The violence was directed primarily at Iraqi police stations and was clearly aimed at creating an atmosphere of chaos and fear before the handover of power to the interim Iraqi government in five days.
"We don't think this was an exception; we think we're going to see more of this," a senior coalition military official told reporters. "There's no reason to expect it will stop after June 30."
The wave of attacks that swept across the notorious Sunni Triangle and the northern city of Mosul featured suicide car bombings designed to kill Iraqi police officers and destroy police stations, but insurgents also attacked convoys, checkpoints and a governor's house. Some of the fighters were dressed all in black with yellow headbands, indicating their allegiance to terrorist leader Abu Musab al-Zarqawi.
American helicopters, jet fighters and troops rushed to the aid of outgunned and overwhelmed Iraqi police, and had to resort to 500-pound bombs and at least one massive 2,000-pound bomb to beat back the offensive, officials said.
In the hotbed town of Fallujah, witnesses said Iraqi cops and insurgents were cooperating, even as American troops traded heavy gunfire with insurgents.

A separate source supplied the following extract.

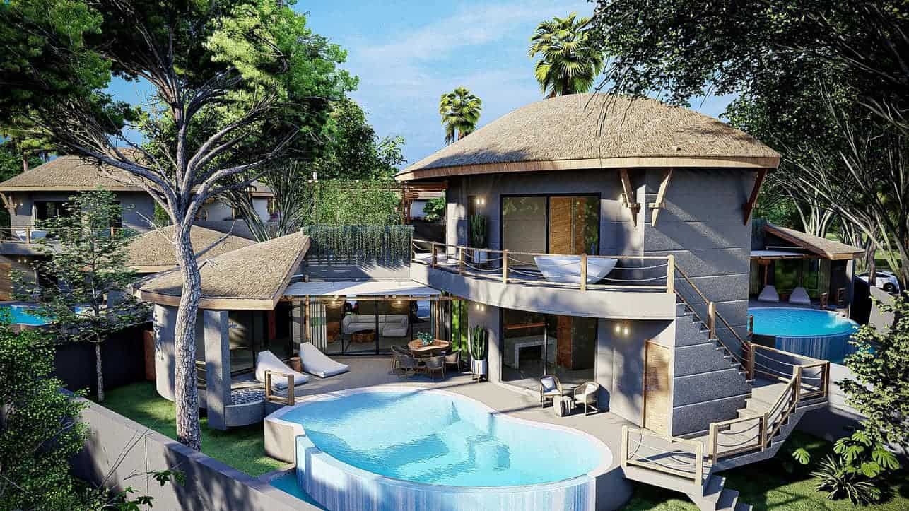 The project, built on a 1.957 m² land area in Kestel, consists of a total of 8 villas, 4 twin villas and 4 detached villas. Each villa has its own pool and garden. Details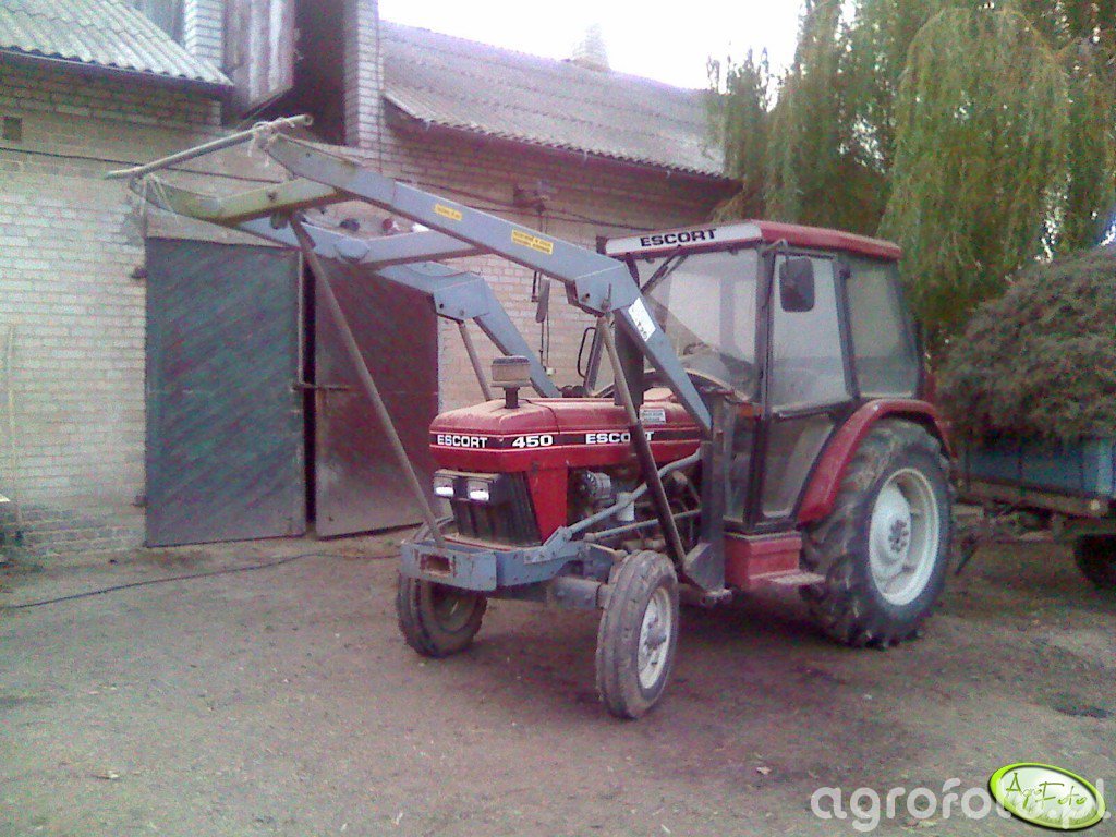 Ciągnik Escort 450 operuje z ładowaczem czołowym na placu gospodarstwa, wykorzystując swoją moc do sprawnego przemieszczania surowców. Wyposażony w silnik o mocy około 50 KM, oparty na trwałej konstrukcji czterocylindrowej, zapewnia wystarczające możliwości do obsługi codziennych zadań w średniej wielkości gospodarstwie. Escort 450, dzięki mechanicznej skrzyni biegów, precyzyjnie dopasowuje prędkość do wymagań operacyjnych, co ułatwia współpracę z przystawkami rolniczymi. Ładowacz czołowy perfekcyjnie integruje się z ciągnikiem, umożliwiając efektywne załadunki i rozładunki materiałów. Jego funkcjonalność i wydajność czynią go niezastąpionym narzędziem w codziennej pracy na farmie.

Zarqawi's group claimed credit for the onslaught, but interim Iraqi Prime Minister Iyad Allawi blamed the violence on both Zarqawi's followers and remnants of Saddam Hussein's Baathist regime - an ominous combination.
In Baqubah, fighters distributed leaflets to Iraqis warning them against cooperating with the U.S. "The flesh of collaborators is tastier than that of Americans," they read.
The attacks left streets in the besieged cities empty and rattled much of the country, including Baghdad. Westerners were told to stock up on supplies and stay off the streets for the next seven days for fear of assassination or kidnapping. The air over the city was filled with the clatter of American attack helicopters, and rumors of impending strikes unnerved much of the city.
Retired Col. Charles Krohn, who was assigned to Baghdad at the beginning of the occupation, said the coordinated attacks showed "that the terrorists are increasing in potency. ... It shows they're well-trained and that they are motivated and they're able to get close to the target."
He said the U.S.-led coalition will have to impose martial law, including a nationwide curfew and strict travel restrictions, to quell the violence.
"What they're doing is not hard to do," said John Pike, director of military think tank GlobalSecurity.org, about the insurgency. "That's the bad news," he said. "But the good news is that this is not the Tet offensive," referring to the Viet Cong uprising in the Vietnam War. "There were hundreds of thousands of Viet Cong. In Iraq, it's thousands."